The YouTube video, set to hard-driving music, shows a still photo of a school that appears to be Jokela High School. The photo then fragments to reveal a red-tinted picture of a man pointing a gun at the camera.
The profile contained a text calling for a "revolution against the system."
Three people were wounded in the shooting, according to early reports. One of those shot was the school principal, said Tuula Panula, spokeswoman for the Tuusula municipality, some 60 km from the Finnish capital Helsinki.
"He (the gunman) was moving systematically through the school hallways, knocking on the doors and shooting through the doors," Kim Kiuru, a teacher at the school, said at the scene.
"It felt unreal, a pupil I have taught myself was running towards me, screaming, a pistol in his hand."
The YouTube video is entitled "Jokela High School Massacre - 11/7/2007" and was posted by a user called Sturmgeist89. "Sturmgeist" means storm spirit in German.
Police surrounded the school and a city official announced shortly before 1400 GMT that the siege was over.

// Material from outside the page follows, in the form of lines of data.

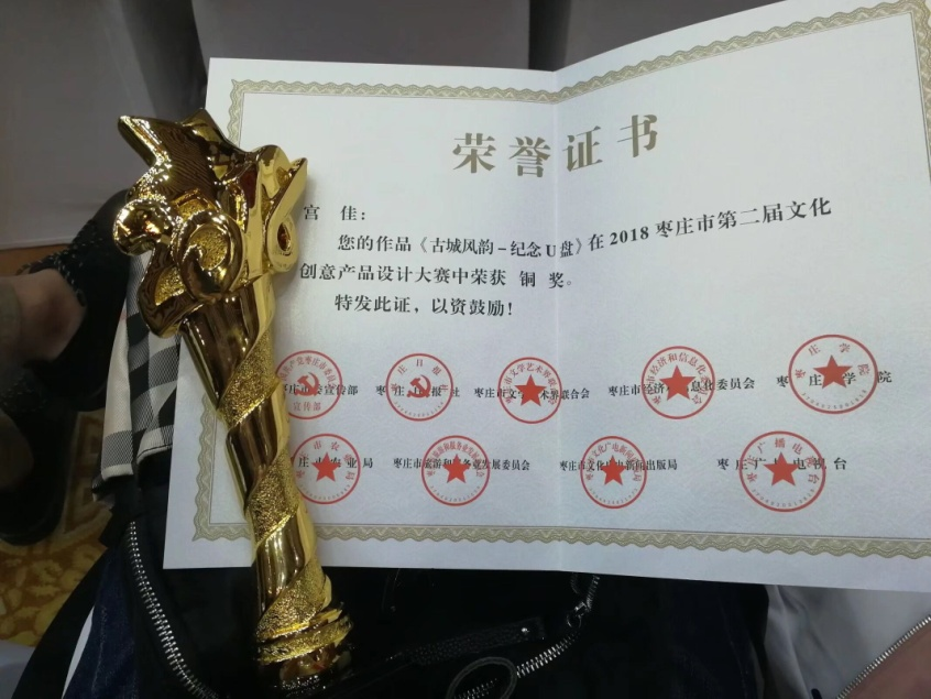 近日,在枣庄市举办的第二届文化创意产品设计大赛中,beat365官方网站2017级工业设计专业学生宫佳作品《古城风韵—纪念U盘》取得创意类铜奖,于10月27日在枣庄市台儿庄古城兰祺会馆举行颁奖典礼。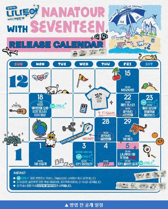TVN 금요일 예능 함께가요 나나투어 with 세븐틴 무료 다시보기 보러가기 예약 숙소 식당 SNS 인스타그램 시청률 재방송 촬영지 티빙 나영석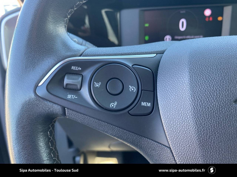 2ème clé rigide / 3ème appui-tête ar / 4 hp / aide actif au maintien dans la voie / alerte anti-somnolence / câble de recharge mode 2 - 3,7 kw green up / calandre opel vizor / chargeur embarqué monophasé 7,4 kw / coque de rétroviseurs extérieurs noires / deux clés pliables avec télécommande / ecran d'instrumentation couleur 7" / ecran tactile 7'' couleur avec bluetooth / frein à main électrique / jantes en alliage 16" 5 double branches, argent / kit anti-crevaison / ligne de contour de vizor chromée / ligne de vitrage chromée / module opel connect / omission du toit contrasté / pack visibilité / phares eco led / plafonnier avec double spot de lecture / poignées de portes intérieures chromées / régulateur et limiteur de vitesse programmable / sécurité enfants aux portes ar / sellerie tissu "sensation" / siège passager réglable dans 4 directions / spoiler ar noir / système isofix aux places ar / sytème anti-collision à basse vitesse et détection des piétons / toit couleur carrosserie / volant 3 branches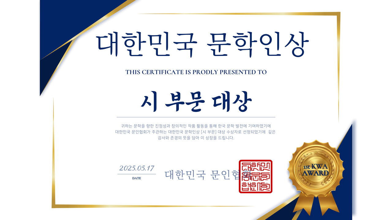 ‘대한민국 문학인 상’은 대한민국 문인협회가 주관하는 공식 문학상으로 시대의 정신을 글로 기록하고 문학의 가치를 지켜온 이들에게 수여되는 가장 권위 있는 상 중 하나입니다.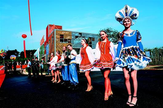 當(dāng)日,經(jīng)過一年多時間建設(shè)的“萬畝茶園·俄羅斯方塊小鎮(zhèn)”揭開面紗。茶園入口,彩球飛揚、人流如織,俄羅斯少女翩翩起舞。走入茶園,齊腰的茶樹漫山遍野、油綠發(fā)亮,異域風(fēng)情的商業(yè)街、喀秋莎會客廳、四季茶溪花海令人眼前一亮。萬畝茶園原是羊樓洞茶場砂子嶺分場所在地,連片的茶園超過萬畝,主要用于制作青磚茶,是赤壁聞名的旅游地標(biāo)之一。重新規(guī)劃建設(shè)的萬畝茶園,預(yù)計總投資5.4億元,擺脫原有單一茶業(yè)種植,瞄準(zhǔn)建設(shè)全球首家茶文化俄羅斯風(fēng)情主題公園。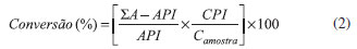 onde: ΣA = Somatório das áreas correspondentes aos picos dos ésteres (C14:0 a C24:0) e do padrão interno (C17:0 - heptadecanoato de metila); API = Área do padrão interno (C17:0); CPI = Concentração do padrão interno na amostra injetada (mg/L); Camostra = Concentração da amostra injetada (mg/L).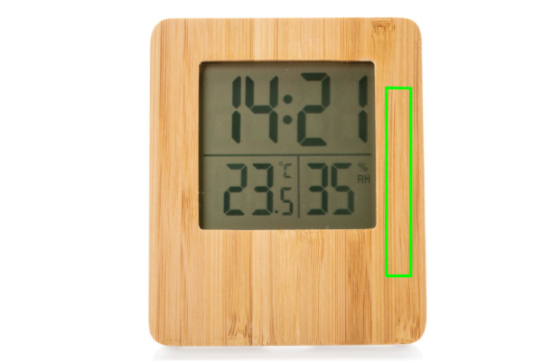 Bambuinen sääasema kolmella toiminnolla: aika/päivä, sisäkosteus ja lämpötila. Sisältää 2 AAA-paristoa. Valmistettu bambusta ja ABS-materiaalista. Kosteudenkesto max. 5%.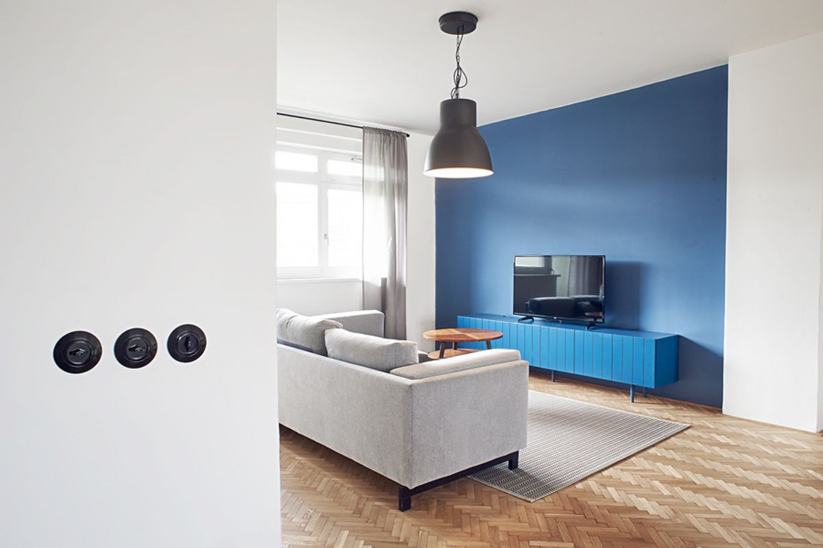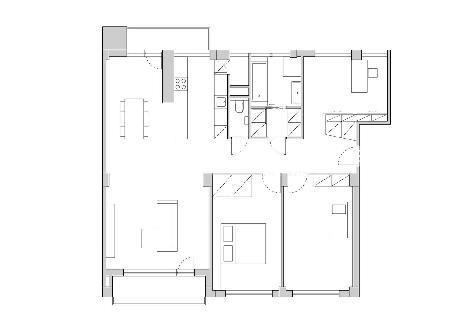 Architekti přistoupili k úpravě celkové dispozice bytu, který se nachází v jednom ze starších bytových domů v Praze z druhé poloviny minulého století. Z původní dispozice 5+1 vzniklo stavební úpravou 4+kk. Původně byla totiž každá místnost bytu uzavřená stěnami a příčkami, což bránilo celkové komunikaci vnitřních prostor. Možnost průhledů napříč celým bytem výrazně přispělo k čitelnosti a zpřehlednění bytu.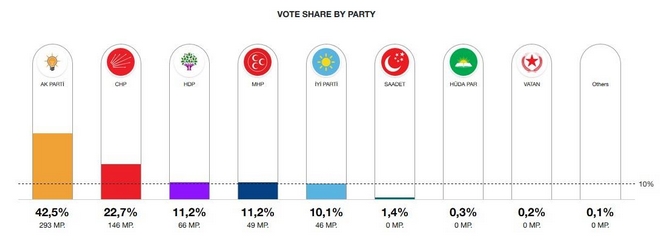 Πολλοί εκτιμούσαν πως ο Ερντογάν θα γίνει ο “απόλυτος Σουλτάνος”, ωστόσο, μιας και δεν έχει την απόλυτη πλειοψηφία στη Βουλή, μπορεί να πει κανείς πως είναι μεν ρυθμιστής, αλλά θα ελέγχεται από την αντιπολίτευση αλλά και από το φιλοκουρδικό κόμμα το οποίο κατάφερε να μπει στη Βουλή παρότι ο επικεφαλής του, Ντεμιρτάς, είναι φυλακισμένος.

Junior Constable Olli Laine said earlier police had evacuated students from the building, which houses both a middle and a high school.
Kiuru, who was teaching a grade 8 class when the shooting started, said he helped his pupils escape the building through the classroom windows.
Kiuru said the principal announced over the public address system just before noon that all students should remain in their classrooms.
Prime Minister Matti Vanhanen described the situation as "extremely tragic" and said the government would hold an emergency meeting.
Despite having the third-largest per capita ratio of handgun ownership in the world, violent incidents are rare at Finnish schools.
According to Finnish media, there have been four stabbings at schools since 1999. None of these caused fatalities.
The last major attack in the country came in 2002 when a young man killed including himself and six others in a bomb blast at a shopping mall in Helsinki.